Como plantea Daniel Filc, y como se ha estudiado a profundidad en el siglo XX por diversos autores, hay nacionalismos que son progresistas. Y estos suelen estar en países que cuentan con un pasado colonial, donde el nacionalismo no es una cuestión aislacionista que odia fanáticamente a los extranjeros; sino un válido mecanismo defensivo que busca ponerle límites a las acciones imperialistas de alguna potencia.
En un mundo organizado de la forma en que lo está el nuestro, donde pese a procesos independentistas desarrollados desde el siglo XIX sigue habiendo taras imperialistas o colonialistas vigentes, no debería ser difícil entenderlo. Pero la confusión aún existe y se piensa que el nacionalismo o patriotismo, da igual, debe limitarse a vestirse de verde blanco y rojo y engullir platillos típicos en septiembre, porque todo lo demás, como hablar en favor de la soberanía, es algo así como un discurso trasnochado incompatible con el mundo globalizado y moderno.
Esa postura está equivocada. México no ha dejado de ser un país asediado por diversas líneas amenazantes desde su independencia.
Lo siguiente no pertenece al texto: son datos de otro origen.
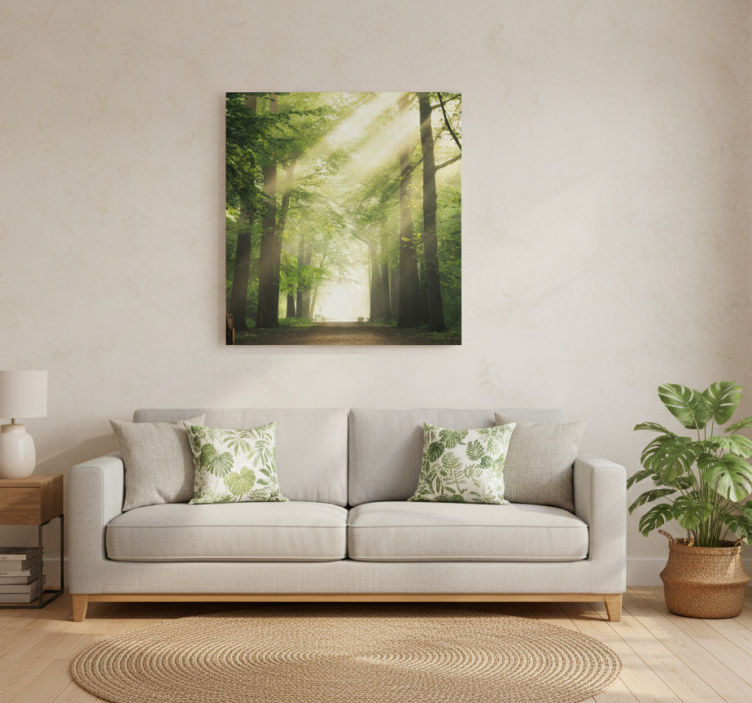 ポスター リビングルーム 太陽のある緑の森は、自然の美しさを感じさせる魅力的なデザインです。このポスターは、太陽の光が差し込む緑豊かな森を描いており、どんなリビングルームにも爽やかさと活気をもたらします。色彩豊かで鮮やかな印象を与えるこの作品は、心を和ませ、リラックスできる空間を演出します。180g/m2の紙厚と反射のない半マット仕上げにより、ポスターの色の鮮やかさが際立ち、見る人を惹きつけます。

Sobre todo en una región como América Latina, cuya historia de luchas anticoloniales en el siglo XIX se vio complementada con el control hegemónico de la potencia occidental norteamericana y su crecimiento en la región a costa de los locales en todo el siglo XX.
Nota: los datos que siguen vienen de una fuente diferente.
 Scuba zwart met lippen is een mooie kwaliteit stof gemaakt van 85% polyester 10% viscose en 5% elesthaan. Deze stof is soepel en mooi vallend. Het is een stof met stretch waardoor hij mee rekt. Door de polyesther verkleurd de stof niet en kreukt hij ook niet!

México fue una excepción a esa regla, y lo fue de manera relativa, matizada y no carente de múltiples retos, tal cual se espera al estar en la vecindad directa con Estados Unidos, el país más poderoso de la tierra y que en esta región, como plantea Lorenzo Meyer, es el único que tiene las herramientas y el poder para realmente ejercer la soberanía, entendida ésta como la autonomía de decisión en el contexto internacional.
La soberanía mexicana no es ninguna antigualla absurda. Fue el mecanismo que, con todo y contraluces y con personajes absolutamente contradictorios, permitió desarrollar un camino propio y relativamente exitoso en la construcción de instituciones de seguridad social y en un Estado sólido que, con gestas como la expropiación petrolera, dio base a un crecimiento económico por treinta años y ciertos parámetros de bienestar social.
La soberanía mexicana no es ninguna antigualla absurda sino la noción que, tanto los conservadores con una visión más o menos sensata del Estado Mexicano, y las izquierdas sobre todo a partir de la década de 1970, es compartida como una necesidad para estar menos inseguros en los vaivenes mundiales en un contexto de mayor interconexión.
La soberanía mexicana no es ninguna antigualla absurda sino la necesidad de que, si bien hay fuerzas incontrolables, como la de Estados Unidos, máxime gobernado por quien ha entronizado sus peores defectos estructurales, como Donald Trump, México tenga el mínimo margen de maniobra para tomar sus propias decisiones en un entorno donde los efectos y consecuencias son compartidos.
México es un país diverso, plural, multinacional y multicultural donde todos cabemos y donde no hay espacio para las segregaciones. Es un país que ha sido históricamente solidario, así sea por razones instrumentales, que su pueblo convierte en genuinas. Es un país que representa a un nacionalismo que ha sido defensivo y sensato en diversos momentos, como la reconstrucción estatal de 1938, y que puede mantener esa ruta.
Es por eso que en un día como hoy, de fechas septembrinas, debemos reivindicar al patriotismo como una fuerza necesaria, defensiva y progresista, que nos ayude a entender que México es un país de excepción, porque como recuerda Fabrizio Mejía Madrid, mientras otros nacionalismos en otros lados implican la segregación y la exclusión del diferente, el nacionalismo mexicano debe significar la invitación a todos a una fiesta.